- **Work order**: What is needed is an exact copy of the lines from the line holding "Sur fond de" through the end of the material, with no other lines and no pictures.
= = =
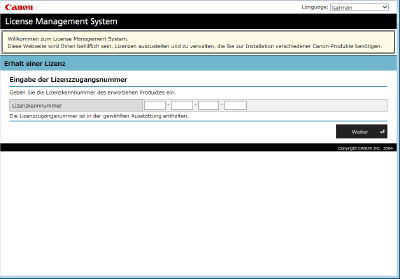 Starten Sie den Webbrowser für den Zugriff auf http://www.canon.com/lms/license/
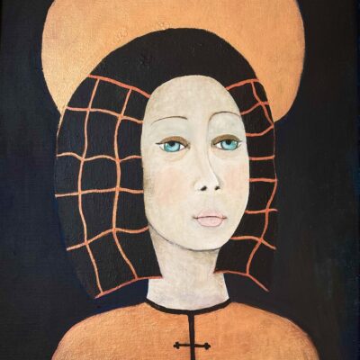 Sur fond de bleu outremer et de dégradés bleu canard, Abigaël, ancien prénom d’origine hébraïque, est une femme élancée au visage souriant qui se dresse avec sa longue tunique aux reflets de cuivre rouge et doré. Elle porte sur la tête un turban crème aux divers reflets enroulé sur lui-même telle une arabesque en chantilly…
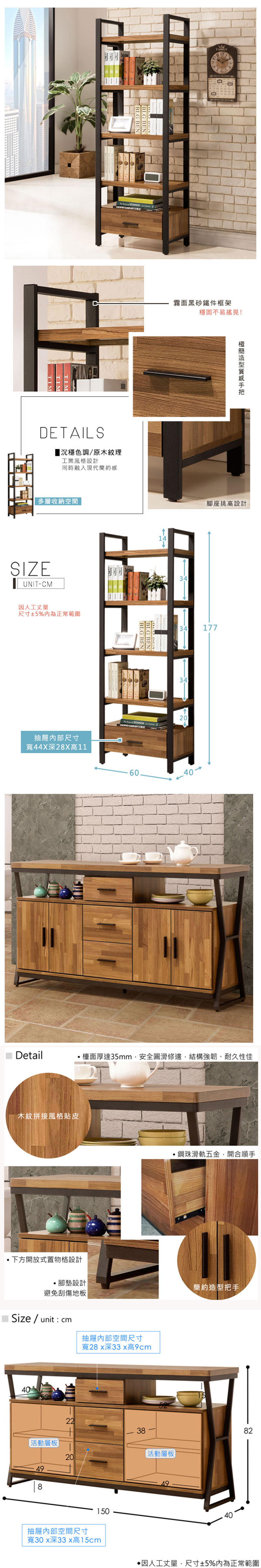 ◆嚴選高級木心板材質◆工業風霧面黑砂鐵架◆免組裝專人配送到府◆工業風格+柚木色調◆廚房、碗盤收納好置物◆高櫃,五層開放格+一抽屜收納◆餐櫃,三層開放格+一抽屜收納餐櫃尺寸:寬 150 x 深 40 x 高 82 公分置物架尺寸:寬 60 x 深 40 x 高 177 cm材質:高級木心板、高碳鋼管顏色:原木色產地:台灣誤差值:因人工丈量,尺寸±5%內為正常範圍
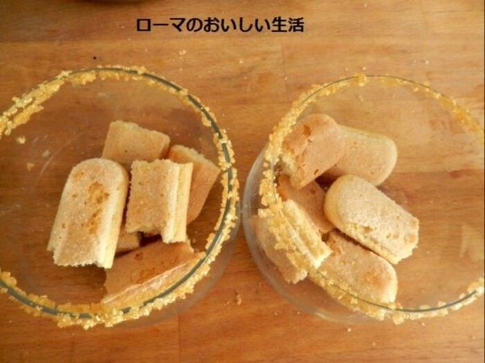 サヴォイアルディビスコッティを2本ずつ3つ位におって入れる
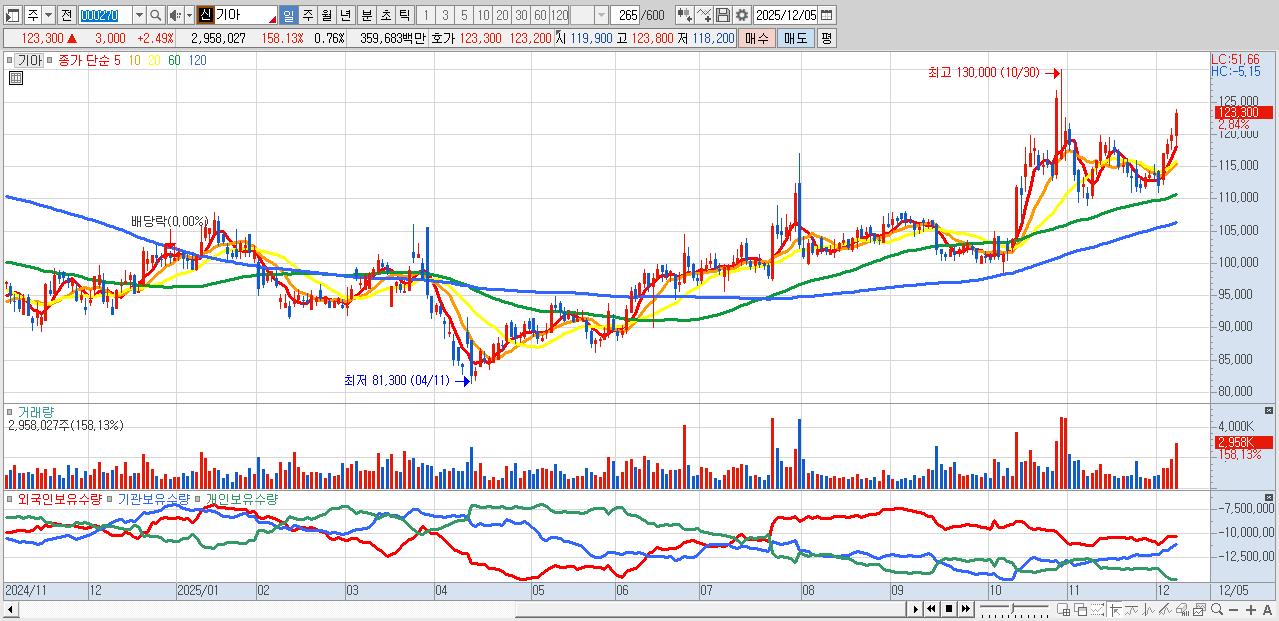 - 기아 (123,600원 ▲ 2.74% , 시총: 482,550억, 거래량: 2,075,345, 거래대금:2,522억)
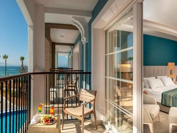 Хороший отель. Очень чистые и комфортные комнаты с видом на море или бассейн. Вид очень красивый. Убирали хорошо, каждый день, с ежедневной сменой полотенец. Подушки неудобные. Все соответствует фото на сайте. Красивая, зеленая територия. Около 6 бассейнов с хорошим аквапарком ( закрывается в 17). Один бассейн с теплой водой, есть детские бассейны и горки. Еды много, все вкусно и разнообразно. Голодным остаться невозможно. Снэк бары ( 2) работающие с 12.30 до 17.00 с вкусными нагетсами, пицами местными гезлеме и питой. В меню каждый день что нибудь новенькое. Морепродуктов не было, только рыба. В ресторан записываться не стоит. Его организовали рядом со снэк- баром (импровизировано). Китайский был закрыт. Мы выбрали ресторан морепродуктов-не впечатлил. Креветки маленькие, не вкусно приготовленные, была рыба. Лучше сходить в общий зал.
= = =
- **Solution to this problem**:
 Sur fond de bleu outremer et de dégradés bleu canard, Abigaël, ancien prénom d’origine hébraïque, est une femme élancée au visage souriant qui se dresse avec sa longue tunique aux reflets de cuivre rouge et doré. Elle porte sur la tête un turban crème aux divers reflets enroulé sur lui-même telle une arabesque en chantilly…
 ◆嚴選高級木心板材質◆工業風霧面黑砂鐵架◆免組裝專人配送到府◆工業風格+柚木色調◆廚房、碗盤收納好置物◆高櫃,五層開放格+一抽屜收納◆餐櫃,三層開放格+一抽屜收納餐櫃尺寸:寬 150 x 深 40 x 高 82 公分置物架尺寸:寬 60 x 深 40 x 高 177 cm材質:高級木心板、高碳鋼管顏色:原木色產地:台灣誤差值:因人工丈量,尺寸±5%內為正常範圍
 サヴォイアルディビスコッティを2本ずつ3つ位におって入れる
 - 기아 (123,600원 ▲ 2.74% , 시총: 482,550억, 거래량: 2,075,345, 거래대금:2,522억)
 Хороший отель. Очень чистые и комфортные комнаты с видом на море или бассейн. Вид очень красивый. Убирали хорошо, каждый день, с ежедневной сменой полотенец. Подушки неудобные. Все соответствует фото на сайте. Красивая, зеленая територия. Около 6 бассейнов с хорошим аквапарком ( закрывается в 17). Один бассейн с теплой водой, есть детские бассейны и горки. Еды много, все вкусно и разнообразно. Голодным остаться невозможно. Снэк бары ( 2) работающие с 12.30 до 17.00 с вкусными нагетсами, пицами местными гезлеме и питой. В меню каждый день что нибудь новенькое. Морепродуктов не было, только рыба. В ресторан записываться не стоит. Его организовали рядом со снэк- баром (импровизировано). Китайский был закрыт. Мы выбрали ресторан морепродуктов-не впечатлил. Креветки маленькие, не вкусно приготовленные, была рыба. Лучше сходить в общий зал.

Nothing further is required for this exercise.